Mrs. Rochester continued, "Which is why I have suggestion that will suit both your scheme to travel and your father's concerns about your safety. Quite simply: your father shall accompany you."

All three stared at her. Tuppence croaked again from the window, flapping her wings against the window panes to punctuate the silence.

"Madness!" Rochester sputtered.

"You can't mean it!" Helen said, but she was already recalculating the fuel resources that would require.
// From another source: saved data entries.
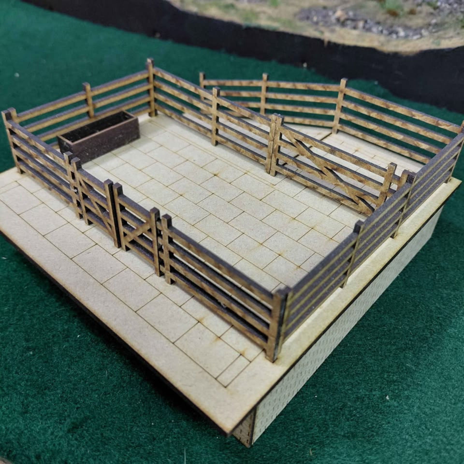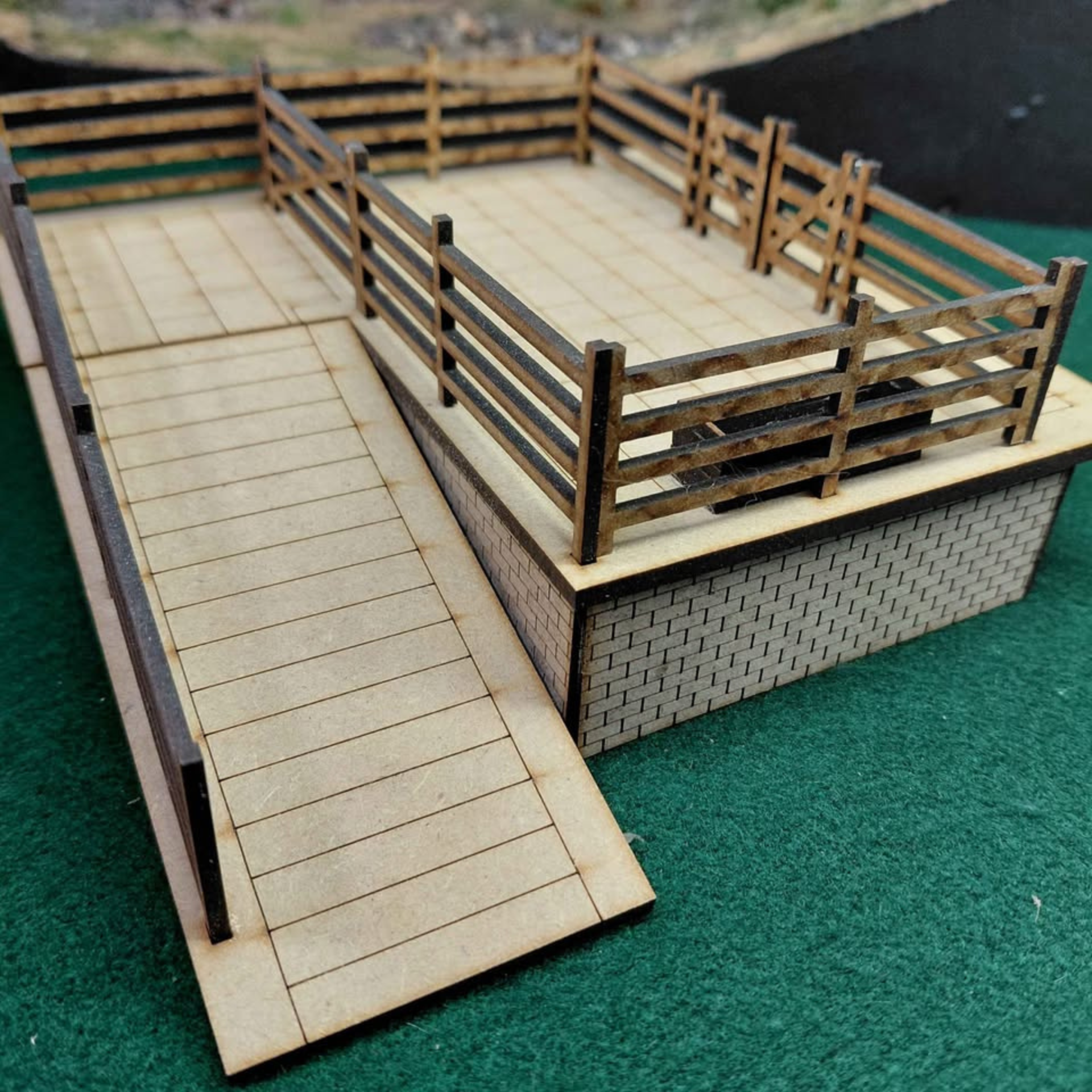 This O gauge cattle dock represents a refined addition to any model railway layout. Constructed using precision laser-cut components, the structure features ramped access, gates, and an integrated feeding trough. Each element capturing the functional character of a working agricultural facility. An ideal centrepiece for rural or mixed-use railway scenes. Perfect for collectors and enthusiasts seeking to enhance their layouts with period-appropriate infrastructure and detail.
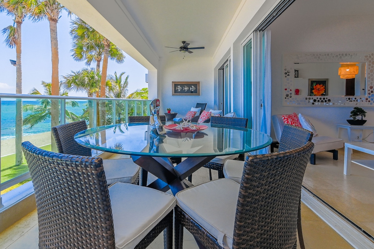 ¡Tu oasis frente al mar te espera! ¡Despiértate con las olas y sumérgete en el paraíso! Más que un apartamento, es tu portal a una escapada inolvidable frente al mar. Pasa de tu sala de estar al reluciente balcón, donde las vistas panorámicas del mar turquesa se extienden hasta el infinito. - Increíble vista al mar - Aparcamiento privado y seguridad 24/7 -2 dormitorios / 2,5 baños - Aire acondicionado en todas las habitaciones - Cocina grande. - Lavadora/secadora. - Cama tamaño king y cama tamaño queen - Baños en suite en ambos dormitorios - Baño de invitados - Televisor inteligente de 70 pulgadas.
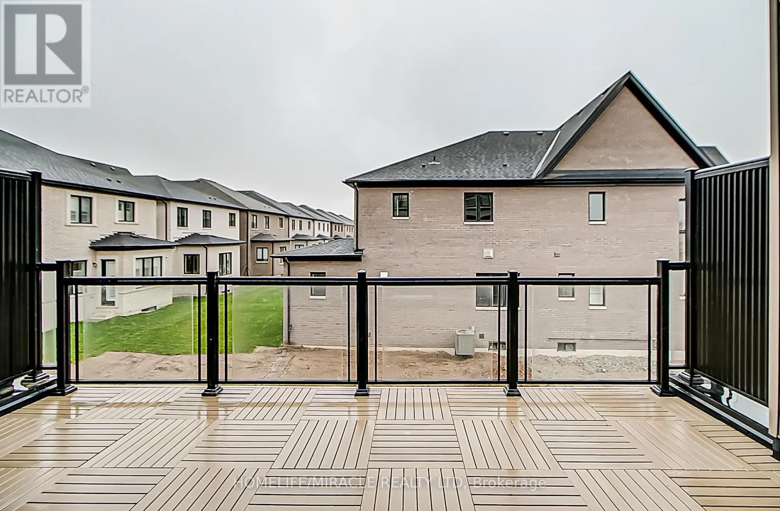 Meadowridge / Wheat Boom Gorgeous townhome (2,360 sq. ft) facing 4-acre park located in the family friendly community of Joshua Creek. This home features hardwood throughout, countless upgrades including quartz counters, undermount sinks, luxurious vanities, high ceilings (10 ft. on main and 9 ft. on upper) and an elegant oak staircase. Chef's kitchen features B/I Stainless Steel appliances and extended upper cabinets. Primary bedroom has a 5 pc. spa-like ensuite with double vanity, freestanding tub and standing glass shower. Main floor has separate living and family rooms, along with an office. Ground floor is above grade and features another bedroom and an ensuite. Lots of parking with a double car garage and 2 spots on the driveway. Upstairs Laundry. Basement is unfinished for additional storage. Two sprawling terraces for entertaining friends and family. Unbeatable location close to highways, top schools, grocery, restaurants etc. (id:27476)
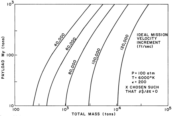 Cole Aldebaran The wet mass would be 45,000,000 kg. Specific impulse of 3,000 seconds. Propellant fraction of 0.7. Payload mass of 27,000,000 kg. Or it could soft-land a smaller payload mass of 20,000,000 kg on Luna. Air vents indicate it uses atmospheric gas for at least part of its reaction mass. Artwork by Roy Kerswill.
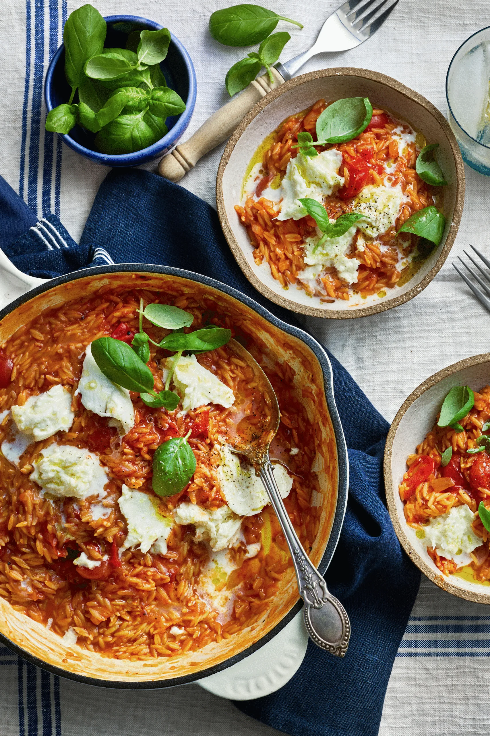Cherry tomatoes, creamy buffalo mozzarella and fragrant basil come together in Matt Moran’s baked risoni. It’s a deliciously simple recipe that delivers big comfort with minimal effort. It’s rich without being heavy, simple enough for weeknights and impressive enough for guests. Plus, it’s the kind of cheesy-tomato dinner you’ll find yourself making on repeat.

"Darling, listen: you want to watch over our daughter? Do it yourself. You've been kept too close to home for too long. You haven't been as far as York in months. When's the last time you were in London?"

"Well, I haven't had much to do, what with Fairfax handling all the business dealings…"

"Exactly. You're beginning to wear on my nerves somewhat, so I can only imagine that you are feeling fractious as well." She tapped her husband's arm. "Admit it."


She looked up at her daughter. "And wouldn't your father make an excellent addition to your crew?"

"What's he going to do? Shout at poor Signore Romano? Curse at my airship?" Helen smiled as she said this and her mother knew that she had won. "Well, as long as he is part of my crew."

"Meaning?" her father demanded.

"You must obey me."

"I'll do no such thing." His wife elbowed him gently. "What? You don't really mean I should obey this chit?"

"My ship, my rules, papa."

"Infernal nonsense!" He stomped over to poke the fire.

"That means he agrees," Helen's mother translated for her.

"I know." Helen threw her arms around her mother. "Thank you!"

Sunday, December 05, 2010


Helen's father stared at her. "Don't be ridiculous. Look what happened today."

"That's exactly my point. Look what this kind of penny-wise pound-foolish economizing has led to." Helen warmed to her topic, pacing in front of the fire. "If I weren't trying to make do with less than optimum equipment, we wouldn't have had this accident today."

"What do you propose to do?" her mother asked.

"I will beg, borrow or steal enough money to patch the tear near rudder and make the renovations to the engine assembly that we have been discussing for some time. I shall see the ironmonger in the morning."

Rochester made as if to wave her words away. "None of this is relevant. You are certainly not going to fly to France in that contraption."

"You needn't worry, papa," Helen said with a smile at her father's frown. "We shall be safe as houses."

"Houses! If an infernal house took a notion to fly, it would end up just as disastrously. I will not countenance such a journey." He threw himself into the large armchair and glowered from its depths.

"Father," Helen said, her voice taking on a tone distinctively similar to his and a look of determined stubbornness, "I will be flying to France next week as soon as I can get the ship repaired. Signore, you will doubtless be able to pilot again by then, too, I expect."

Romano nodded, but groaned a little as he did so.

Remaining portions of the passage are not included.